Friday, October 19, 2018

Redacted for your benefit...

Just yesterday I wrote about how the PLCB finally managed to get down to one minor inventory mistake on their listings for Jack Daniel's. That was based on checking their "database" the week before. But I spoke too soon. Never ones to rest on their laurels or maintain high standards, the registraters and data enterers have corrected their excellence. This week's database iteration shows a 200% increase in bad JD data. Back to "PLCB normal."

We have been telling the PLCB — and showing them! — EXACTLY what some of the mistakes were for five years. We aren't trained specialists like they have at the PLCB, but we do know a thing or two about whiskey. Apparently we know about twice as much as the 40 year vet of the PLCB's Chief Executive Of Doing Things Wrong, Charlie Mooney. The buck doesn't stop with with Chuck so much as it kind of blows onto the floor and slips under a desk where you can't see it...problem solved!

But we did learn something from inside the Forbidden City at 910 Capital Street. Remember that 1792 Full Proof bourbon I wrote about yesterday? The one that both the online Product catalog and the "Fine Wine and Good Spirits" (the money they paid for that name, we should use the whole thing!) website didn't show?
It isn't missing because the PLCB doesn't have it in stock, OR that they don't have the information entered yet. One of our secret army of disgruntled and fed up clerks sent us a screenshot of the secret employee version of that same page. Check this out:
Well whaddya know, there is 1792 Full Proof, just like it used to be listed on the consumer site! You know, the one ordinary citizens have to use. I know the PLCB has products in inventory that are licensee only, things that they not only don't want you to buy, but make sure you aren't allowed to buy, because they know better about what you the consumer wants than you do. A lot of that stuff isn't available for general purchase mainly because if it were someone up in Potter County might actually want to "Special Liquor Order" it — you know, like the PLCB's supporters always say is so important, the right to access to special booze in Coudersport! — and they'd lose money on the deal. Of course they would, that's what they do.

Our source didn't know why we couldn't see these "regular" and "luxury" items that are available for sale to the consumer, but he thought it was because the system was "broken,"  his word, not ours.

But we agree wholeheartedly. The system is broken, and not just the website: it's the entire agency and its reason for existence. From the preamble of The Almighty Liquor Code: "for the protection of the public welfare, health, peace and morals of the people of the Commonwealth and to prohibit forever the open saloon," or as Governor Pinchot put it, to "discourage the purchase of alcoholic beverages by making it as inconvenient and expensive as possible."

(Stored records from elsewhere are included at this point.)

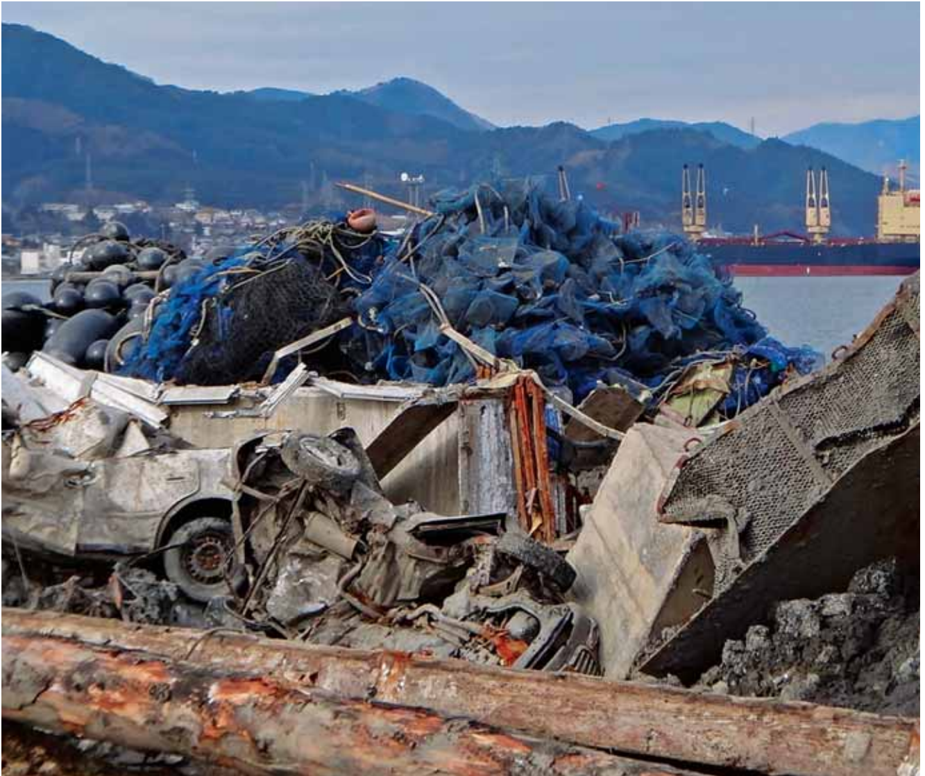
Tons of debris have been recovered from coastal waters in the Tohoku region

distinguish between the feed and floating plastic debris of similar size. As a consequence the parent albatrosses feed their chicks with an increasing portion of plastic material, with serious impacts on the populations of these birds. The arrival of unknown but large quantities of debris from the tsunami has compounded the problem.
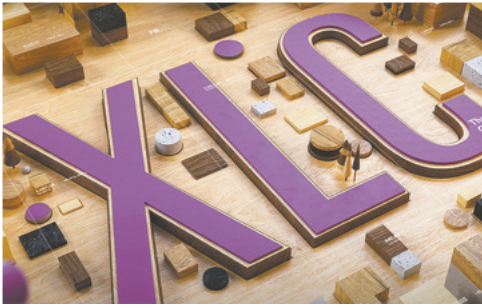
XLC COMMUNICATION SERVICES
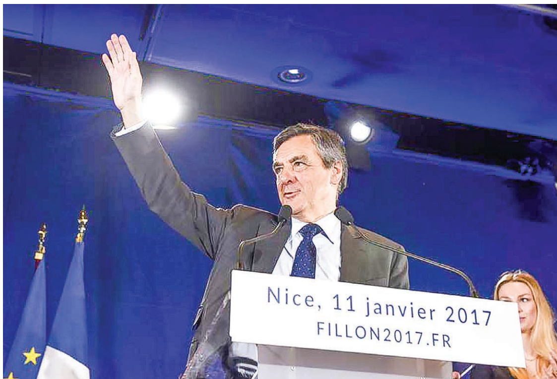
Francois Fillon, member of Les Republicains political party and 2017 presidential candidate of the French centre-right, attends a political rally in Nice, France, on 11 January, 2017.
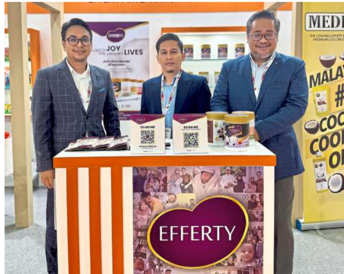
Efferty International Sdn Bhd Nature of business: Health products Efferty International offers a variety of products that support women on their journey to motherhood, focusing on both health and wellness.
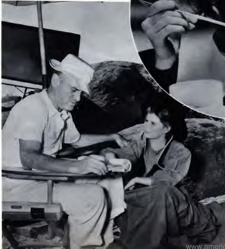
LEFT: Betty with her discoverer, director Sam Wood. She called him "Li'l Abner," he called her his "oomph girl" during the filming of the picture "Rangers of Fortune"
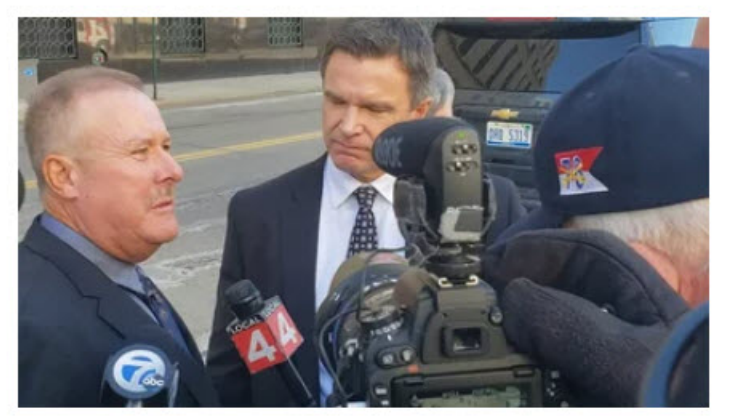
UAW SCANDAL | UPDATED 12 HOURS AGO
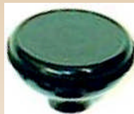
C68 and C71 (Red Only)
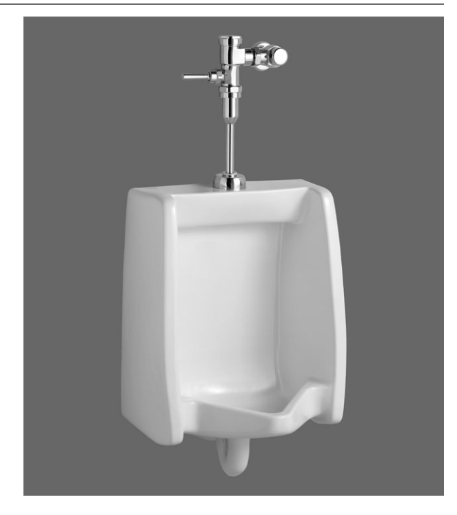
SEE REVERSE FOR ROUGHING-IN DIMENSIONS

• When installed so top of rim is 387mm (15-1/4") from finished floor.
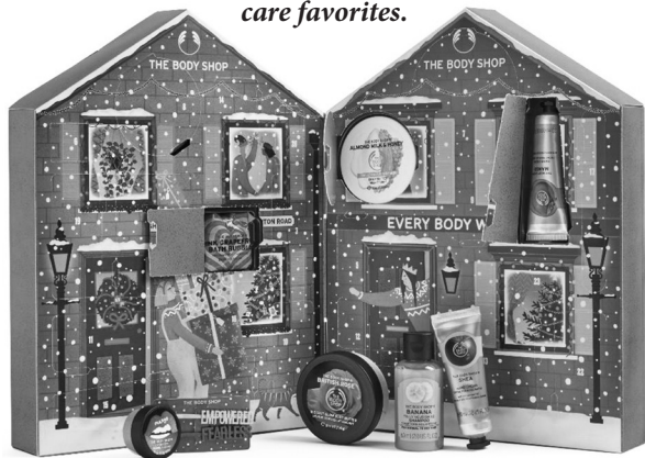
Count down to Christmas with a daily beauty treat with the Make It Real Together Advent Calendar. Discover 24 handpicked surprises from The Body Shop's new and favorite ranges.
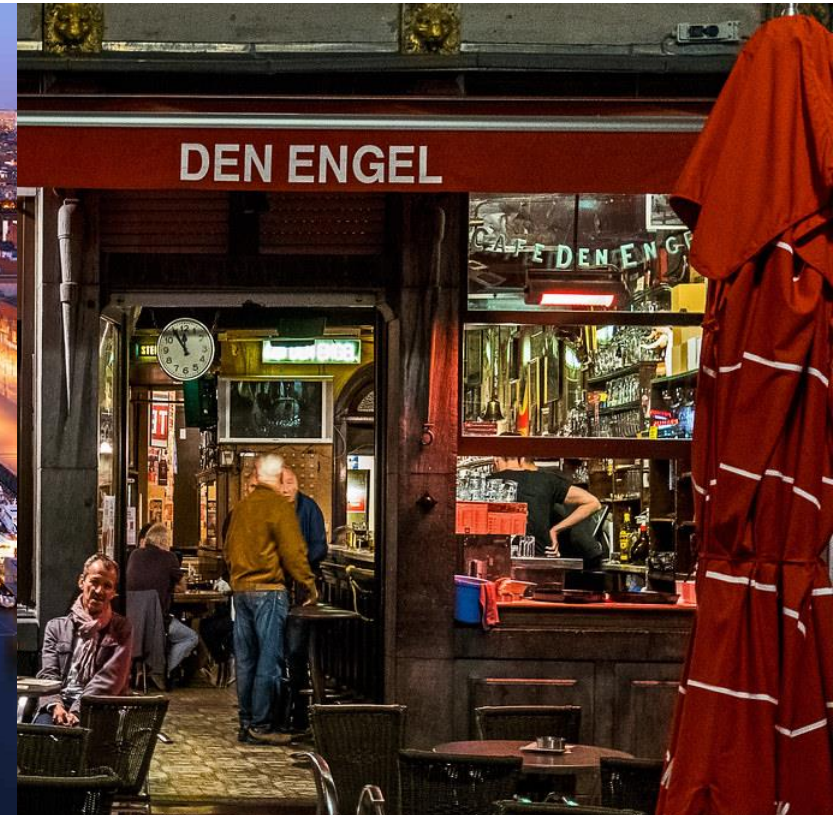
Den Engel Bar
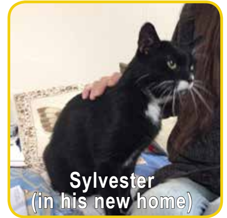
Sylvester (in his new home)
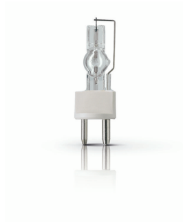
XPPR XDMSR 0017
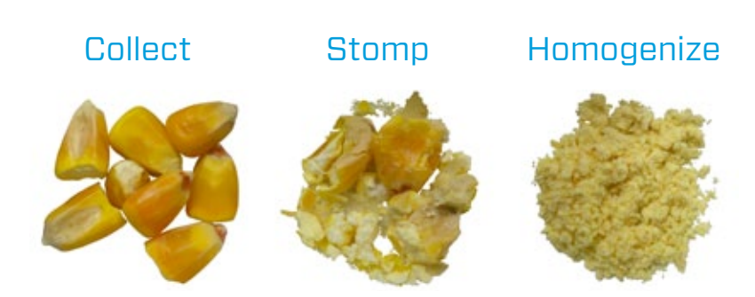
Step 1: Place your sample in the tube.

Use it with the Bullet Blender® homogenizer to process samples like soybeans, shells, and corn!
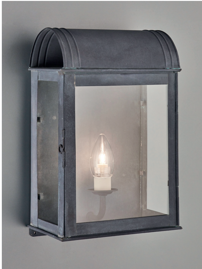
CLIO LANTERN, LARGE IN ZINC WL334L
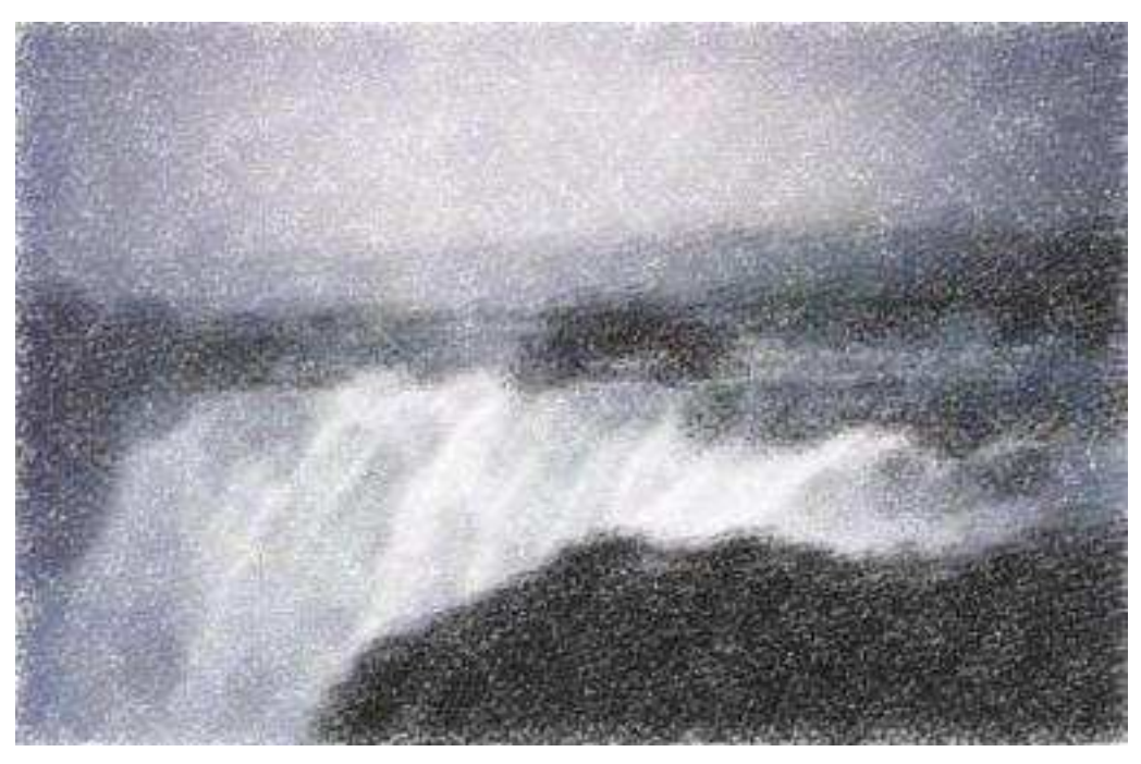
Figure 3.1. Goðafoss–Falls of the Gods

It makes good sense that the early settlers of Iceland would try to make peace with these beings because they knew that it was the only way to tap into the land's power/luck without which life in the new country was sure to be unsuccessful.
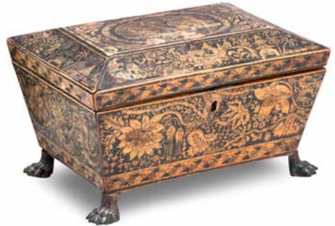
443 A REGENCY PENWORK TEA CADDY With brass paw feet decorated with foliate designs and chinoiserie scene, the interior converted to a work box with removable tray, 30cm wide, 21cm deep, 18cm high (11 1/2in wide, 8in deep, 7in high) £150 - 250 €170 - 280

It is broken, it always has been broken, and always will be broken so long as there is a monolithic, monopolistic, and inevitably incompetent bureaucracy, run by people with no real industry experience, little to no oversight, doing any harebrained things that their crazed bosses come up with (wine kiosk, anyone?). This agency has no vision, no insight, no real knowledge of what consumers want, and does not want to hear anything about that from any well-meaning and industrious folks out in the individual stores. They only follow, like sheep, as real leaders in the booze business move forward with new ideas. How good can any police-enforced monopoly be, especially when they not only don't want entrepreneurial thinking, but have laws in place to prevent it!

When everything is broken, you can't fix it. You start over...and in Pennsylvania's case, you start over where you should have started in the first place: Privatize. No matter what the PLCBniks say about "well, if we were starting back in 1934, sure, this system isn't what we'd want, but now that we have it —"

Hey. Stop right there. This system isn't what we want. Let's go with that icy chunk of truth. Privatize now. Fix what's broken: everything.